Both a DST and a TIC bring together one or more investors to buy a property. A DST allows up to 499 investors (versus 35 for the TIC), so it can accumulate money for presumably bigger deals. And unlike TICs, DSTs put a manager in charge to make decisions on how to operate the investment.
DSTs have largely shoved aside TICs, which fell out of favor with lenders and were cluttered up with rules such as requiring investors to unanimously agree on major decisions.

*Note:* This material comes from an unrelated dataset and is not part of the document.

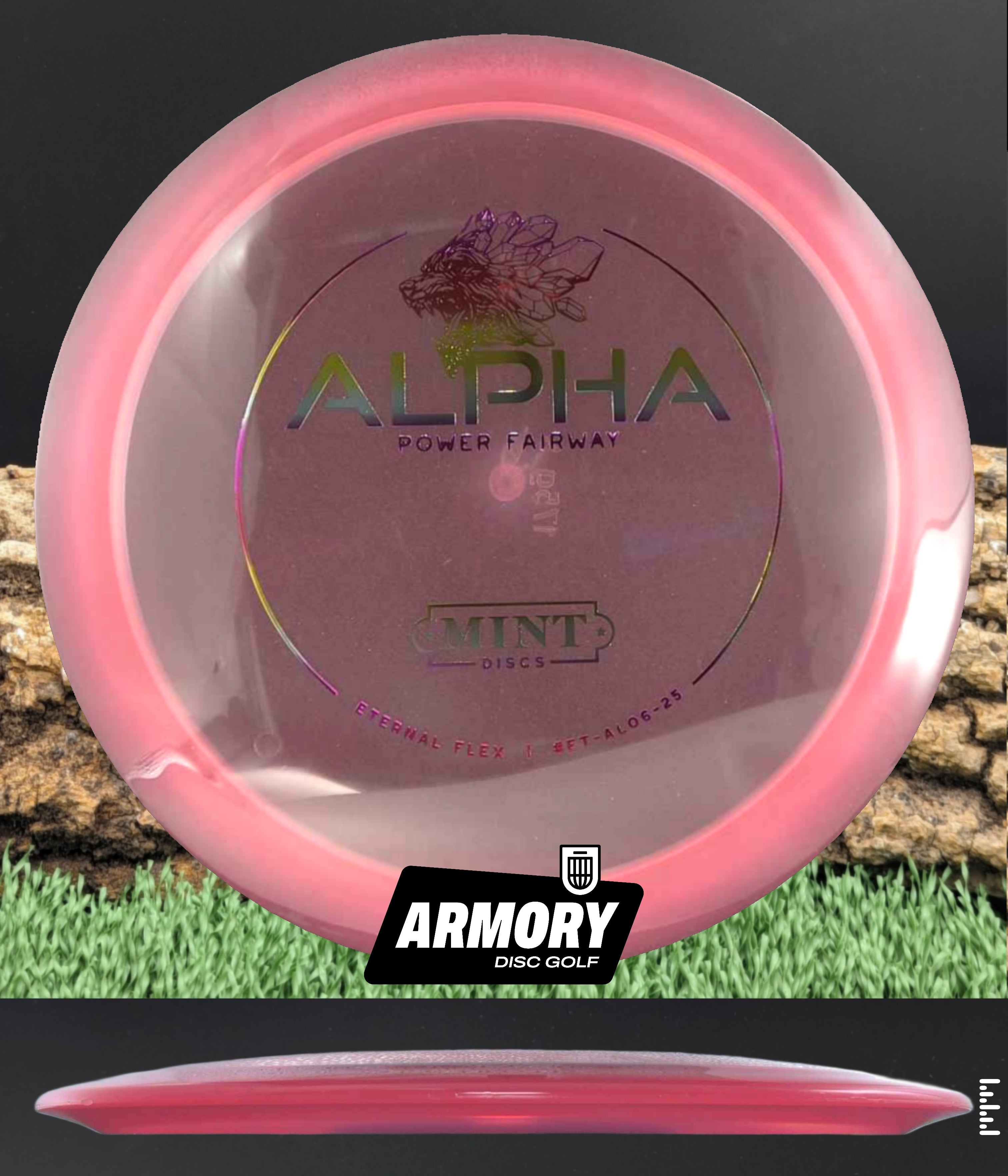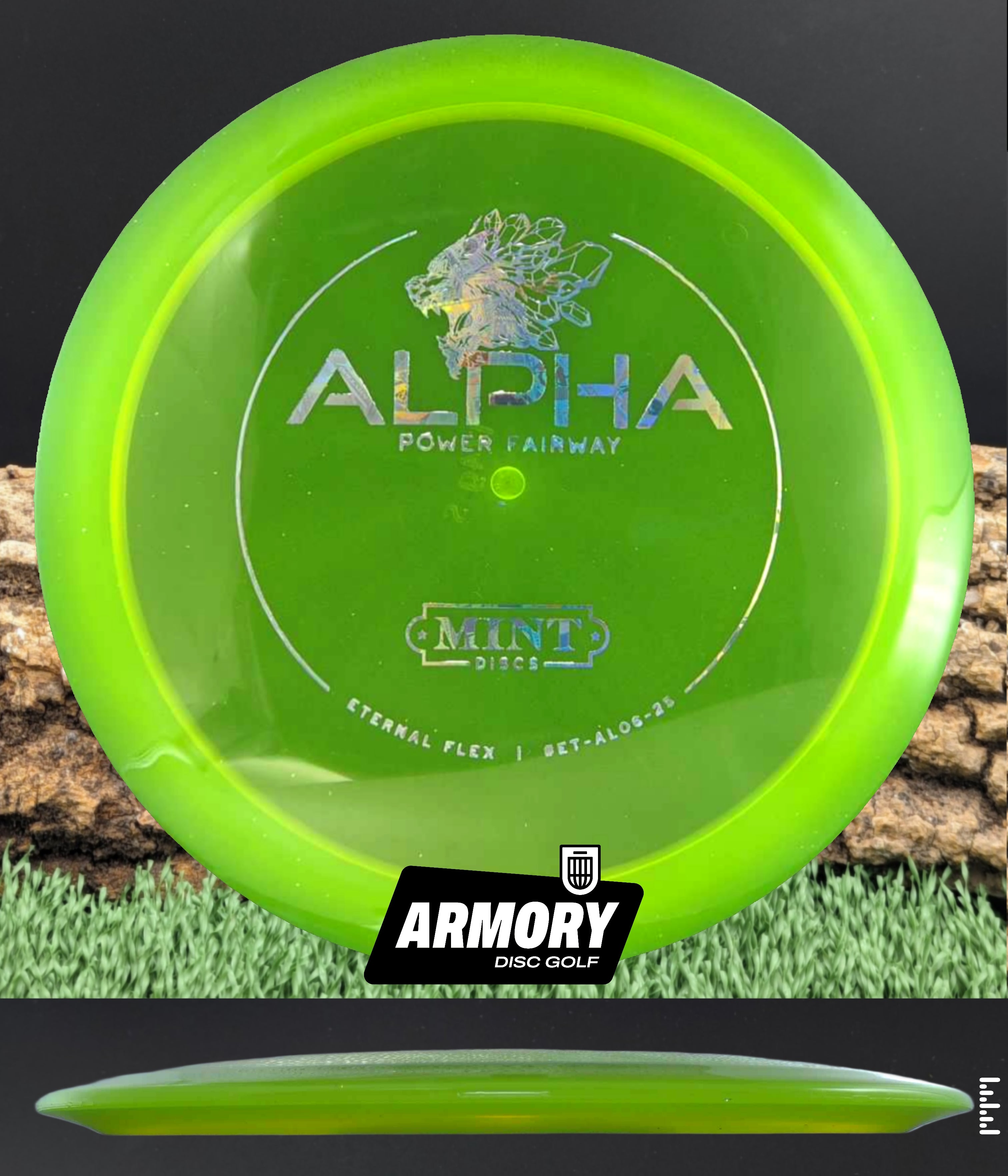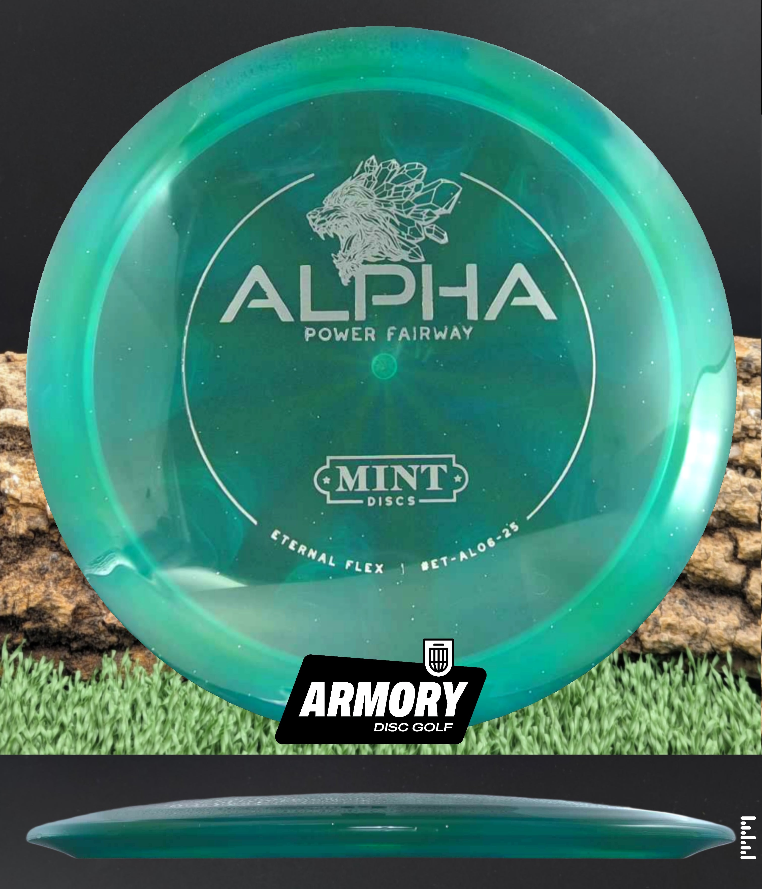 The Alpha is Mint’s go-to power fairway — a straight-flying workhorse built to respond exactly to the line and power you give it. The 3rd run Eternal Flex Alpha brings a transparent, slightly gummy feel that’s grippy out of the box and seasons into smooth, predictable releases over time. Capable of fighting headwinds or carving tight wooded lines, the Alpha is stable enough for powerful throws while remaining intuitive for controlled placement.

TIC-DST expert Bill Elson, a certified financial planner in West Des Moines with Spectrum Financial Services, says this shift to DSTs is partly driven by program sponsors who want complete control in determining their profits from acquiring, managing and selling the properties.
"In some situations, this is good, but there could be conflicts of interest," Elson says.
For instance, the manager is getting paid to manage a property, so is it in his best interest to sell it? Also, Elson says they might be paid to buy and sell properties. So the compensation of the manager needs to be fully understood and agreed to before investing.
Yet a DST is the only format Elson has seen where diversified portfolios are being purchased, rather than buying just a single building in one location such as an apartment building, shopping center, office or warehouse. Instead of investing in one building in one town with one tenant in a TIC, investors in DSTs can buy into 10 to 20 buildings from different national tenants in different geographic locations.